Available data -
----------

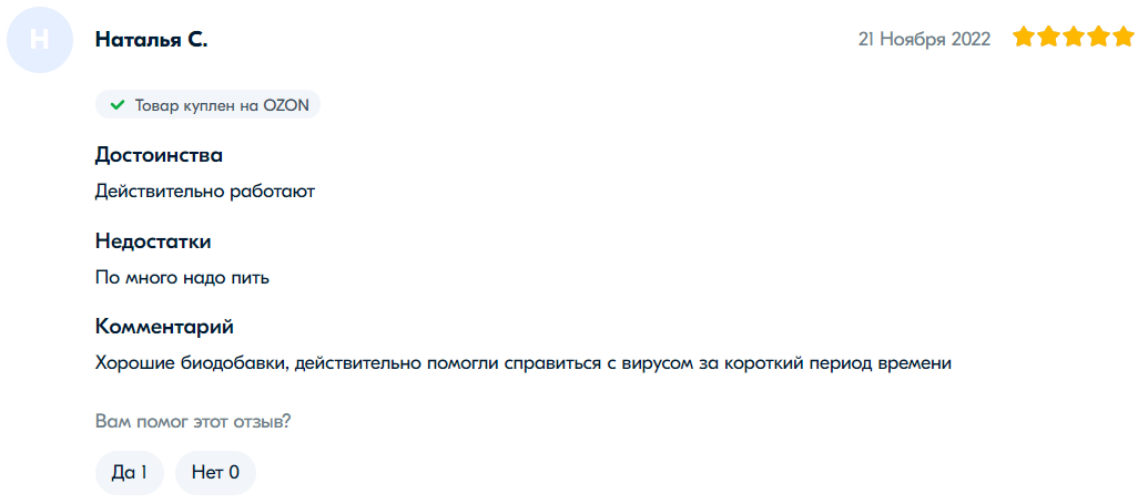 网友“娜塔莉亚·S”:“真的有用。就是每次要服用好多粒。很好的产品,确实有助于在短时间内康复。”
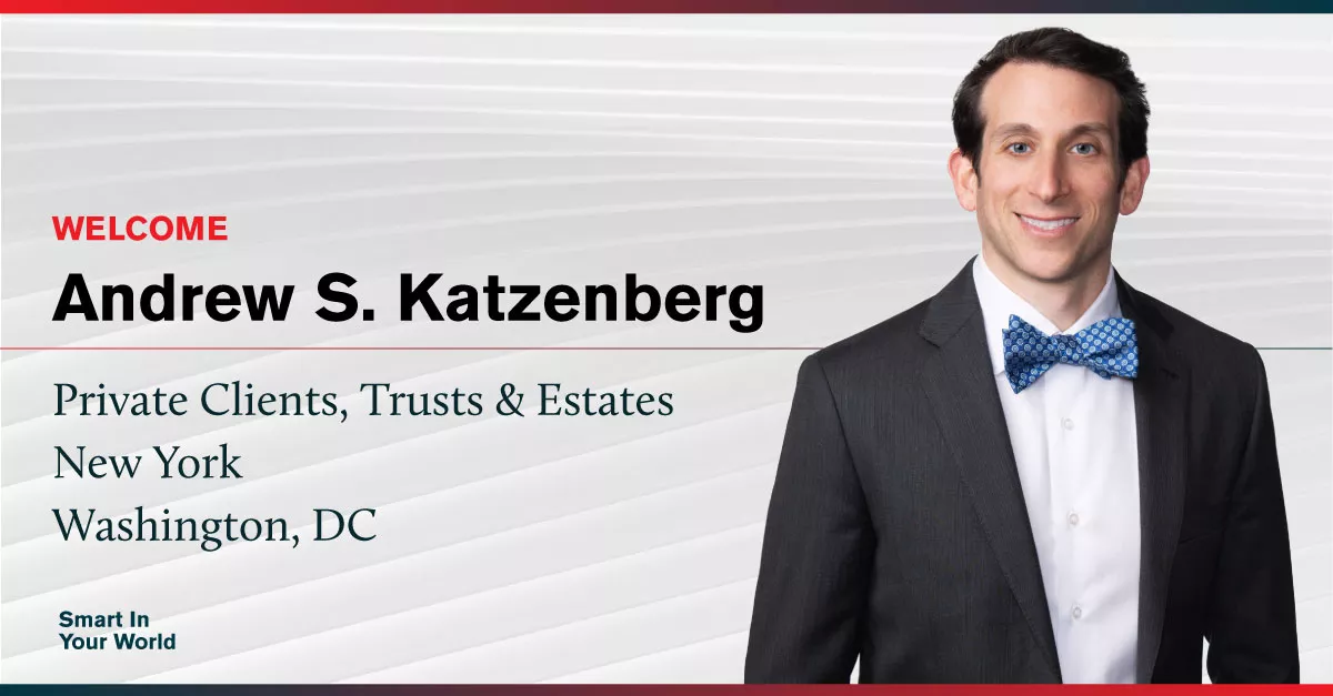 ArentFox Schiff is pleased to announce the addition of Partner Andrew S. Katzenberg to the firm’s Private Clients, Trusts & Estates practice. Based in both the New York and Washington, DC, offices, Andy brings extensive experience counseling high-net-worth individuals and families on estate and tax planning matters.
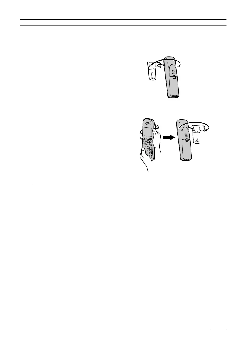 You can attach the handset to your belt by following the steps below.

----------

What the task requires - Without including any pictures, reproduce the listing exactly.

Solution for this task -
 网友“娜塔莉亚·S”:“真的有用。就是每次要服用好多粒。很好的产品,确实有助于在短时间内康复。”
 ArentFox Schiff is pleased to announce the addition of Partner Andrew S. Katzenberg to the firm’s Private Clients, Trusts & Estates practice. Based in both the New York and Washington, DC, offices, Andy brings extensive experience counseling high-net-worth individuals and families on estate and tax planning matters.
 You can attach the handset to your belt by following the steps below.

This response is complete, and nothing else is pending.